» Task brief:
Without reproducing any image, print the listing below exactly.

» Data excerpt:

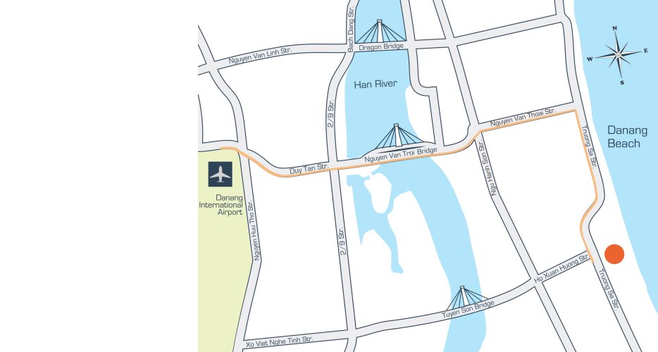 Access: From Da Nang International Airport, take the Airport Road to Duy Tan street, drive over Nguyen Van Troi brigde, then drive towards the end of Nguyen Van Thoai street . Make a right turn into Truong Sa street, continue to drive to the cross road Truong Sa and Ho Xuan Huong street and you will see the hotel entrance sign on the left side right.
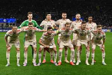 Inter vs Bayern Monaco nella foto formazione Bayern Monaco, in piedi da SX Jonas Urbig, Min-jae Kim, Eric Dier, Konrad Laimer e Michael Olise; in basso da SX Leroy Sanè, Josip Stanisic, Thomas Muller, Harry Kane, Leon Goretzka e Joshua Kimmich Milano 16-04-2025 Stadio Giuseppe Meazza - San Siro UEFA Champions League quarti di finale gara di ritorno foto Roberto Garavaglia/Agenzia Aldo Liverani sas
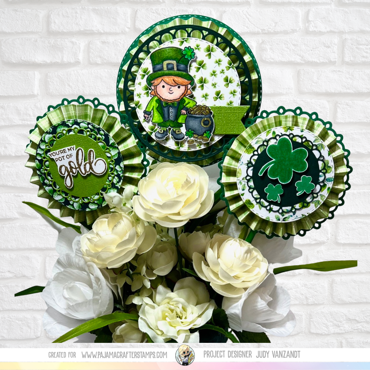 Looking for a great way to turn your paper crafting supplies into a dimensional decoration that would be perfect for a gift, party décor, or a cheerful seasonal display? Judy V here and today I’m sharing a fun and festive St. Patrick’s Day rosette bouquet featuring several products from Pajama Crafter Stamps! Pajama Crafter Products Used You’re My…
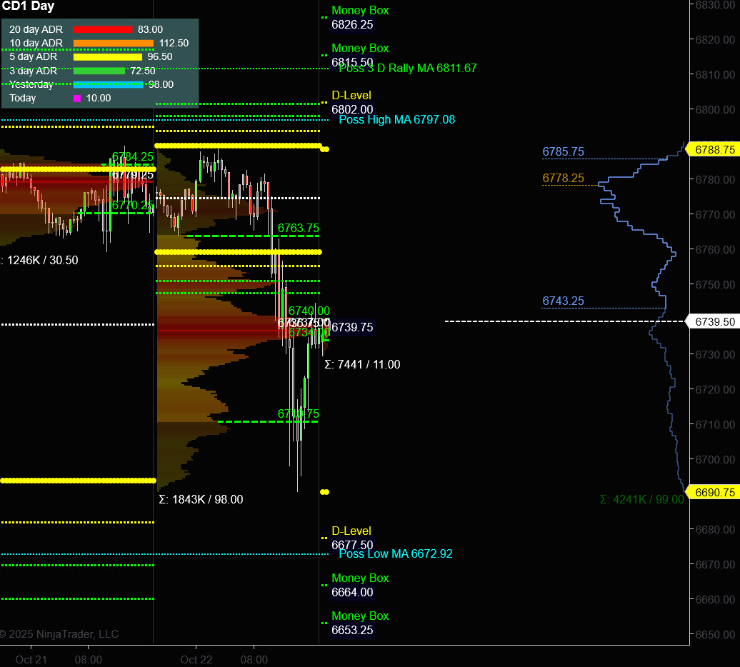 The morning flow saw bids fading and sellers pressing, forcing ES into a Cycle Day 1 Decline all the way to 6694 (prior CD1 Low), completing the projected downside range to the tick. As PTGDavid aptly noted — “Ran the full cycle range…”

» Result below:
 Access: From Da Nang International Airport, take the Airport Road to Duy Tan street, drive over Nguyen Van Troi brigde, then drive towards the end of Nguyen Van Thoai street . Make a right turn into Truong Sa street, continue to drive to the cross road Truong Sa and Ho Xuan Huong street and you will see the hotel entrance sign on the left side right.
 Inter vs Bayern Monaco nella foto formazione Bayern Monaco, in piedi da SX Jonas Urbig, Min-jae Kim, Eric Dier, Konrad Laimer e Michael Olise; in basso da SX Leroy Sanè, Josip Stanisic, Thomas Muller, Harry Kane, Leon Goretzka e Joshua Kimmich Milano 16-04-2025 Stadio Giuseppe Meazza - San Siro UEFA Champions League quarti di finale gara di ritorno foto Roberto Garavaglia/Agenzia Aldo Liverani sas
 Looking for a great way to turn your paper crafting supplies into a dimensional decoration that would be perfect for a gift, party décor, or a cheerful seasonal display? Judy V here and today I’m sharing a fun and festive St. Patrick’s Day rosette bouquet featuring several products from Pajama Crafter Stamps! Pajama Crafter Products Used You’re My…
 The morning flow saw bids fading and sellers pressing, forcing ES into a Cycle Day 1 Decline all the way to 6694 (prior CD1 Low), completing the projected downside range to the tick. As PTGDavid aptly noted — “Ran the full cycle range…”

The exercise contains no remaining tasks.